### [Problem description]
Leave the pictures in the listing below aside and reproduce exactly the lines starting with the one with "通常時は毎ゲーム滞在モード&" and going on through the one with "(وروينا) في تزويج", both ends included.

**** Given records

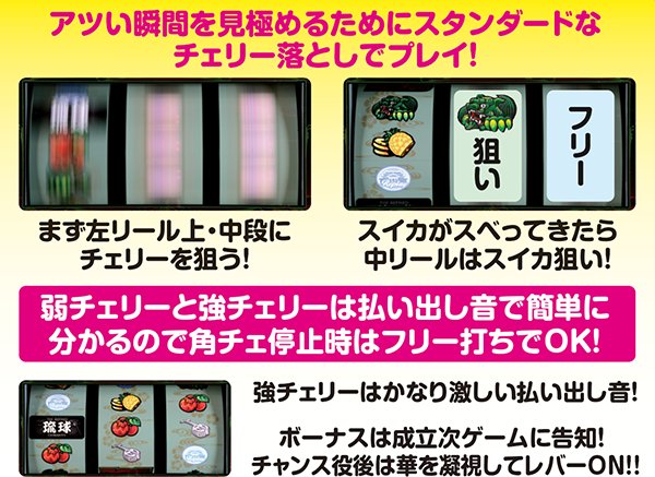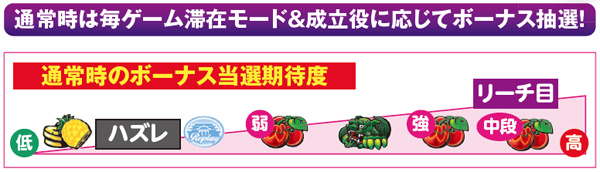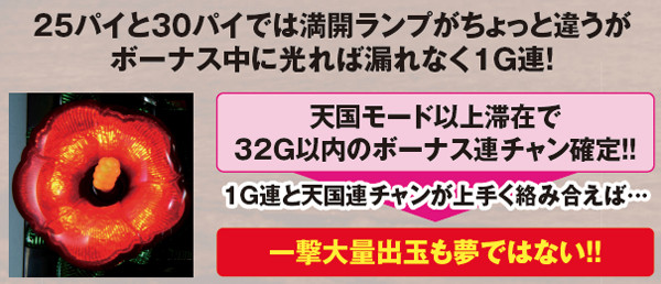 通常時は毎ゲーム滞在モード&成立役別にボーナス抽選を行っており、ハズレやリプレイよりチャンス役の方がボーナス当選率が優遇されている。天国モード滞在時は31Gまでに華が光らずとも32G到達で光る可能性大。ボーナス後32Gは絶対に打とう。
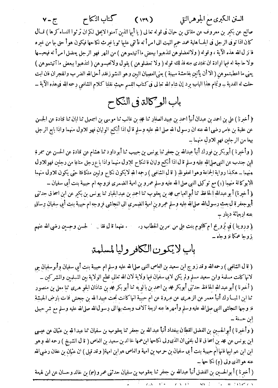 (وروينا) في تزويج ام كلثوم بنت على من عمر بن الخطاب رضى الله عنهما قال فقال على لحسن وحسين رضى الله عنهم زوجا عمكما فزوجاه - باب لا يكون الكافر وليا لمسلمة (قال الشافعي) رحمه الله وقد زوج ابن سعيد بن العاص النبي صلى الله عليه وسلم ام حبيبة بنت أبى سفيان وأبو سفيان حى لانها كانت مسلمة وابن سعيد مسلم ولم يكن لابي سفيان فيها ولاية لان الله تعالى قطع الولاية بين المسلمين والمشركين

********
**** Given records

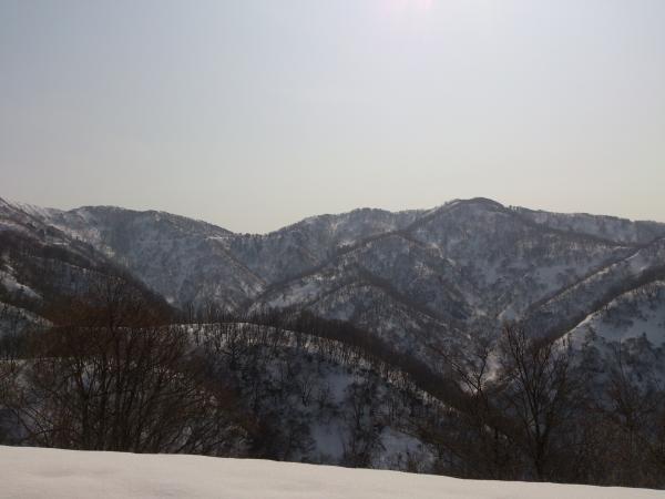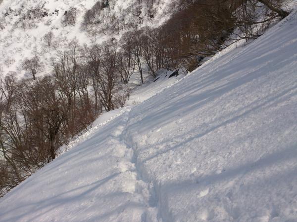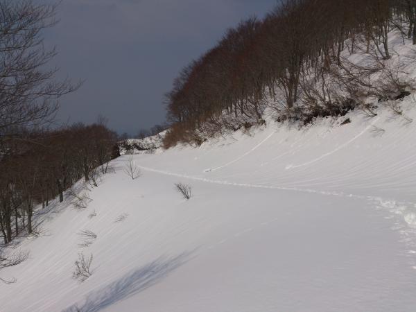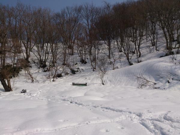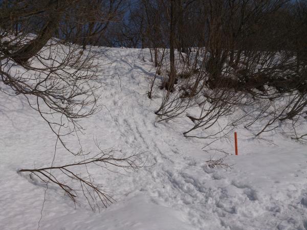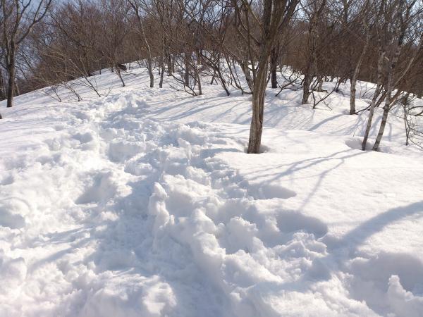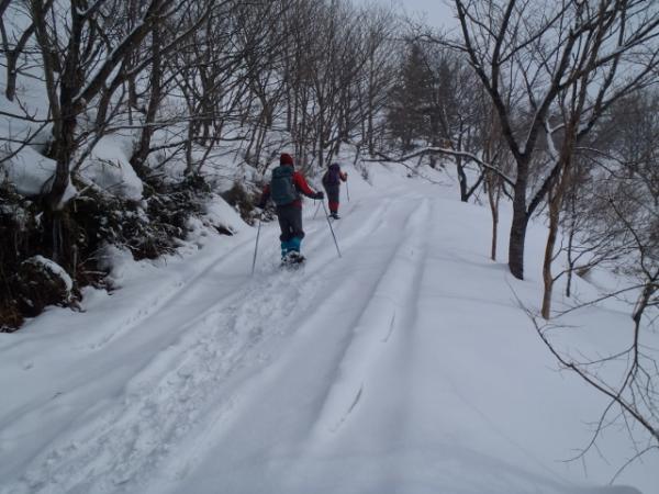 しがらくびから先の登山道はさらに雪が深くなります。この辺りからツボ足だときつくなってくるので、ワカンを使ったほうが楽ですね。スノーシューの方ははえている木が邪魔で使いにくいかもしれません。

********

### [Your solution]
 通常時は毎ゲーム滞在モード&成立役別にボーナス抽選を行っており、ハズレやリプレイよりチャンス役の方がボーナス当選率が優遇されている。天国モード滞在時は31Gまでに華が光らずとも32G到達で光る可能性大。ボーナス後32Gは絶対に打とう。
 (وروينا) في تزويج ام كلثوم بنت على من عمر بن الخطاب رضى الله عنهما قال فقال على لحسن وحسين رضى الله عنهم زوجا عمكما فزوجاه - باب لا يكون الكافر وليا لمسلمة (قال الشافعي) رحمه الله وقد زوج ابن سعيد بن العاص النبي صلى الله عليه وسلم ام حبيبة بنت أبى سفيان وأبو سفيان حى لانها كانت مسلمة وابن سعيد مسلم ولم يكن لابي سفيان فيها ولاية لان الله تعالى قطع الولاية بين المسلمين والمشركين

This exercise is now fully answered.